• **Entries provided**:
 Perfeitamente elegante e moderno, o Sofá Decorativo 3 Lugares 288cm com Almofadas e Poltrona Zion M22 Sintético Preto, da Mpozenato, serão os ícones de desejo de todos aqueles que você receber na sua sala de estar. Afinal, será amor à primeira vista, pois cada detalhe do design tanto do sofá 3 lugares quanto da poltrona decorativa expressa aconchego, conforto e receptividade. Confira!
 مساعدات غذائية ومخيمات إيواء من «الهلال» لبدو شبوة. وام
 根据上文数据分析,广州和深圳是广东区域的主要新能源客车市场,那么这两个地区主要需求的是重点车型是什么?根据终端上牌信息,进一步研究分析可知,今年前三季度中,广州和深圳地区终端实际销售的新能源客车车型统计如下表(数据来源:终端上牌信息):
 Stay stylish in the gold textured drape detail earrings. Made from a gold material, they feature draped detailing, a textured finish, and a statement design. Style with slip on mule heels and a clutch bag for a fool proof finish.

* * *

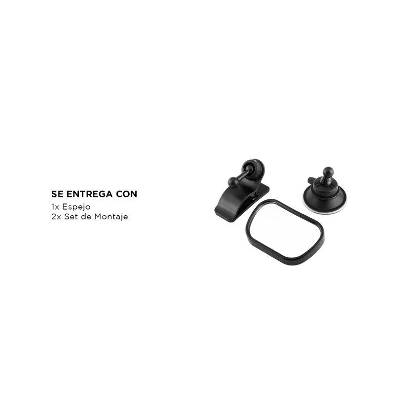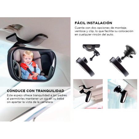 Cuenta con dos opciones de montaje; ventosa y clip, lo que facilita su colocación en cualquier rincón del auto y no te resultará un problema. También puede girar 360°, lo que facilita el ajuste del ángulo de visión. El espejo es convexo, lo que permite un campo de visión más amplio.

• **Problem to solve**:
The reply should consist solely of the lines above from the one that has "مساعدات غذائية ومخيمات" through the one that has "Stay stylish in", reproduced exactly.

• **Written solution**:
 مساعدات غذائية ومخيمات إيواء من «الهلال» لبدو شبوة. وام
 根据上文数据分析,广州和深圳是广东区域的主要新能源客车市场,那么这两个地区主要需求的是重点车型是什么?根据终端上牌信息,进一步研究分析可知,今年前三季度中,广州和深圳地区终端实际销售的新能源客车车型统计如下表(数据来源:终端上牌信息):
 Stay stylish in the gold textured drape detail earrings. Made from a gold material, they feature draped detailing, a textured finish, and a statement design. Style with slip on mule heels and a clutch bag for a fool proof finish.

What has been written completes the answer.